*** MATERIAL PROVIDED ***
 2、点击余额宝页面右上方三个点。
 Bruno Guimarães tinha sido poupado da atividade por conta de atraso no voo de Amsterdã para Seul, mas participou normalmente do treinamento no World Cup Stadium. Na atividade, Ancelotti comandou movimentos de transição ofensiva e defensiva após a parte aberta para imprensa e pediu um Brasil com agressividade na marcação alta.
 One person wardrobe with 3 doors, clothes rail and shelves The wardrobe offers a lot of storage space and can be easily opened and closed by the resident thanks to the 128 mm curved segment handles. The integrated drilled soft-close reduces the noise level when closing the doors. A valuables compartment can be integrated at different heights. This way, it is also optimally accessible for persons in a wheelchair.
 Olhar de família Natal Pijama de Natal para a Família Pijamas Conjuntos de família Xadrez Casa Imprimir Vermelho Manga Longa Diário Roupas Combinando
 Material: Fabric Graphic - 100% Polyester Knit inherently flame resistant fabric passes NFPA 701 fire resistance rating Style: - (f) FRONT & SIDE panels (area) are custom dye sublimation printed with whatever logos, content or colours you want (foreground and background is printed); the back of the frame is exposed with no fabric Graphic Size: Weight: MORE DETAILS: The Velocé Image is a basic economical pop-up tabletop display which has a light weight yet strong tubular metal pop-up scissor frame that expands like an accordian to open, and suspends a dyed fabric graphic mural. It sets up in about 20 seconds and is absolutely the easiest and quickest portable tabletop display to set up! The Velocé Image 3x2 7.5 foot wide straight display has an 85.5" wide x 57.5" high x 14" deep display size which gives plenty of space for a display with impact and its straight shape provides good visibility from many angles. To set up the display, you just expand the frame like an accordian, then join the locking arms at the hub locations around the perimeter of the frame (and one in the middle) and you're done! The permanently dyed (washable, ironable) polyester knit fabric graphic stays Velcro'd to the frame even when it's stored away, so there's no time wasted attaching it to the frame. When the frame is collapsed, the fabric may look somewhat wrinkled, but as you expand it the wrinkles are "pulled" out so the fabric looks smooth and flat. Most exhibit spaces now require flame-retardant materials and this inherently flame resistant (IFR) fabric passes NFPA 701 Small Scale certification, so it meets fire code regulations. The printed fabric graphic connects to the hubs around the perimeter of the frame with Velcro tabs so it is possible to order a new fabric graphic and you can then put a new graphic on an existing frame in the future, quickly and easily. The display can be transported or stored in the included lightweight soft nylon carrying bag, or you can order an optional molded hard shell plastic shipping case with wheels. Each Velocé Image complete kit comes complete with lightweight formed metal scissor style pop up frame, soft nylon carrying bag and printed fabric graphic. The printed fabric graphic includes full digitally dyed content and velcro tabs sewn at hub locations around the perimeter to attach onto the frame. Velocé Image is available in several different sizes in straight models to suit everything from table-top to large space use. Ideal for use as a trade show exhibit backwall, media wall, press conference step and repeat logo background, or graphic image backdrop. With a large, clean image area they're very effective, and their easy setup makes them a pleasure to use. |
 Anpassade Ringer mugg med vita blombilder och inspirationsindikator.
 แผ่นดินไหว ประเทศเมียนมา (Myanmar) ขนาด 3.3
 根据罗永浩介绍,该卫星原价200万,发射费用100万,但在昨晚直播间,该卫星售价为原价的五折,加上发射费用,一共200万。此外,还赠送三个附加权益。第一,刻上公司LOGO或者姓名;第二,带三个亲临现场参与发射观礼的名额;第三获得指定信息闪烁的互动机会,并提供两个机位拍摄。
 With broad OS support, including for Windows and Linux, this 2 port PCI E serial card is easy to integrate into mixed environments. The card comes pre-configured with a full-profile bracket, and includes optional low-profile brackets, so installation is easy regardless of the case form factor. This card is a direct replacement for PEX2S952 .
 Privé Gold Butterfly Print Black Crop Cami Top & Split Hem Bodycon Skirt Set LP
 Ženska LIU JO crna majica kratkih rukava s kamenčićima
***
*** MATERIAL PROVIDED ***
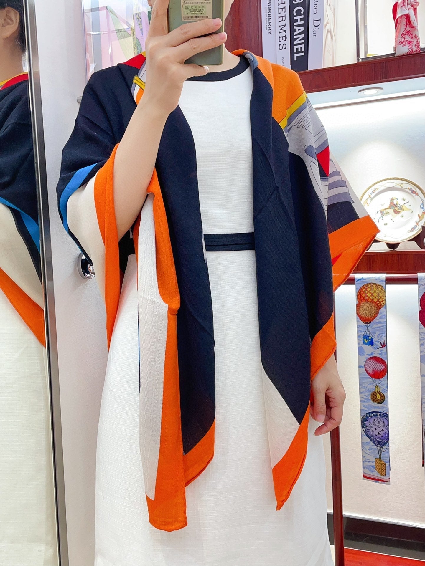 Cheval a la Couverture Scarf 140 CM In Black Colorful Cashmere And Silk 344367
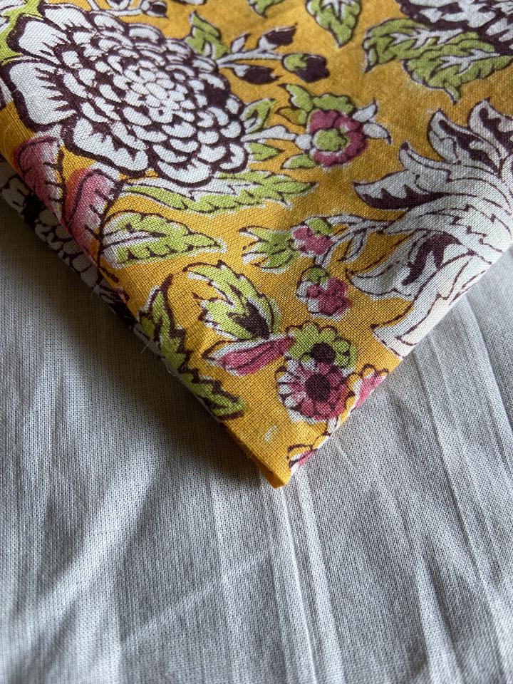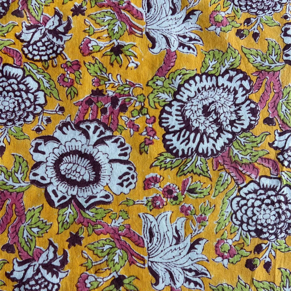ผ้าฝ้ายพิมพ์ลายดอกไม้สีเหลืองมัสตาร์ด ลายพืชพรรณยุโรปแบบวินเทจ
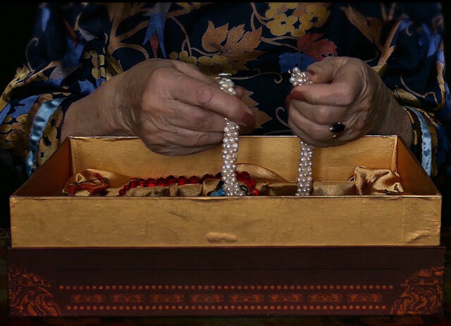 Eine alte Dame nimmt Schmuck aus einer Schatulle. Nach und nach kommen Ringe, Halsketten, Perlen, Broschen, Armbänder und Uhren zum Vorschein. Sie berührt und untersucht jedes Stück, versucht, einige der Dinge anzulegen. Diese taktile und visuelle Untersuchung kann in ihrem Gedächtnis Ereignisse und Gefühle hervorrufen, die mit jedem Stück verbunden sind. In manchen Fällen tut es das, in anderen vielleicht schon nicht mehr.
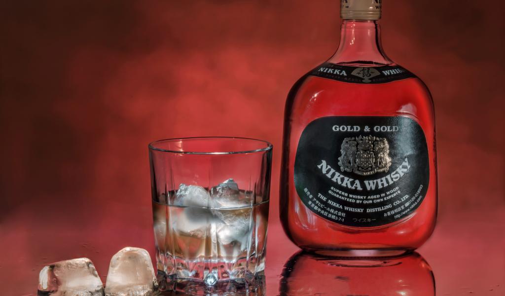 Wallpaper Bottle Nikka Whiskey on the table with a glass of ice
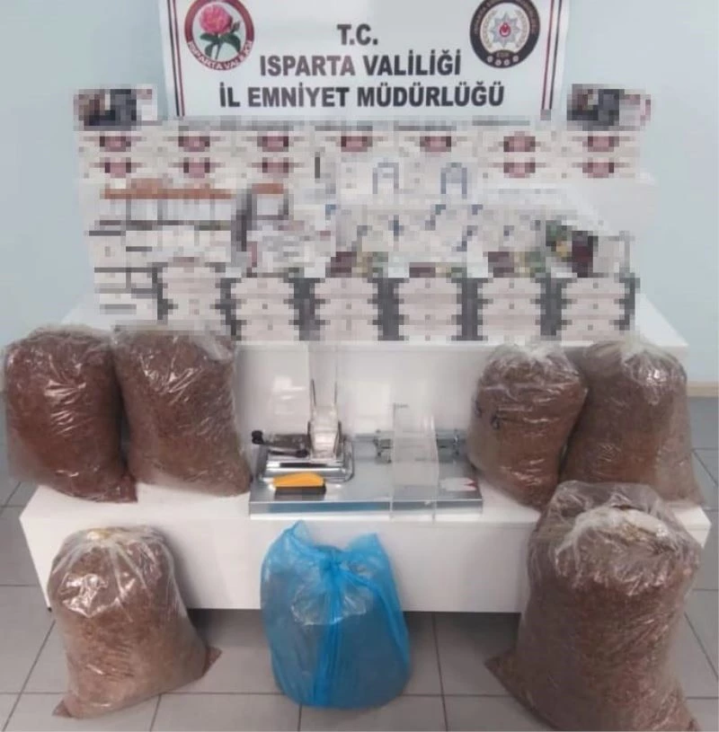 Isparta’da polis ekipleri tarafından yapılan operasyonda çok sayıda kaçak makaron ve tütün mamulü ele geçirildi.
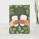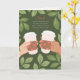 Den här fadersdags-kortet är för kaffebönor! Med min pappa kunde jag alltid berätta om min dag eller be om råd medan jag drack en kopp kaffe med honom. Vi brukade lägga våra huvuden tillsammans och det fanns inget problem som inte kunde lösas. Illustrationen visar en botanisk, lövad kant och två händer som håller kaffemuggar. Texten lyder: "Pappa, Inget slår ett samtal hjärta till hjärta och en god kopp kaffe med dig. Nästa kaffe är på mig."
***
AIM OF THE EXERCISE: From the data above, output exactly the lines between the one containing "2、点击余额宝页面右上方三个点。" and the one containing "Bruno Guimarães tinha", counting both of them.

ANSWER SPACE:
 2、点击余额宝页面右上方三个点。
 Bruno Guimarães tinha sido poupado da atividade por conta de atraso no voo de Amsterdã para Seul, mas participou normalmente do treinamento no World Cup Stadium. Na atividade, Ancelotti comandou movimentos de transição ofensiva e defensiva após a parte aberta para imprensa e pediu um Brasil com agressividade na marcação alta.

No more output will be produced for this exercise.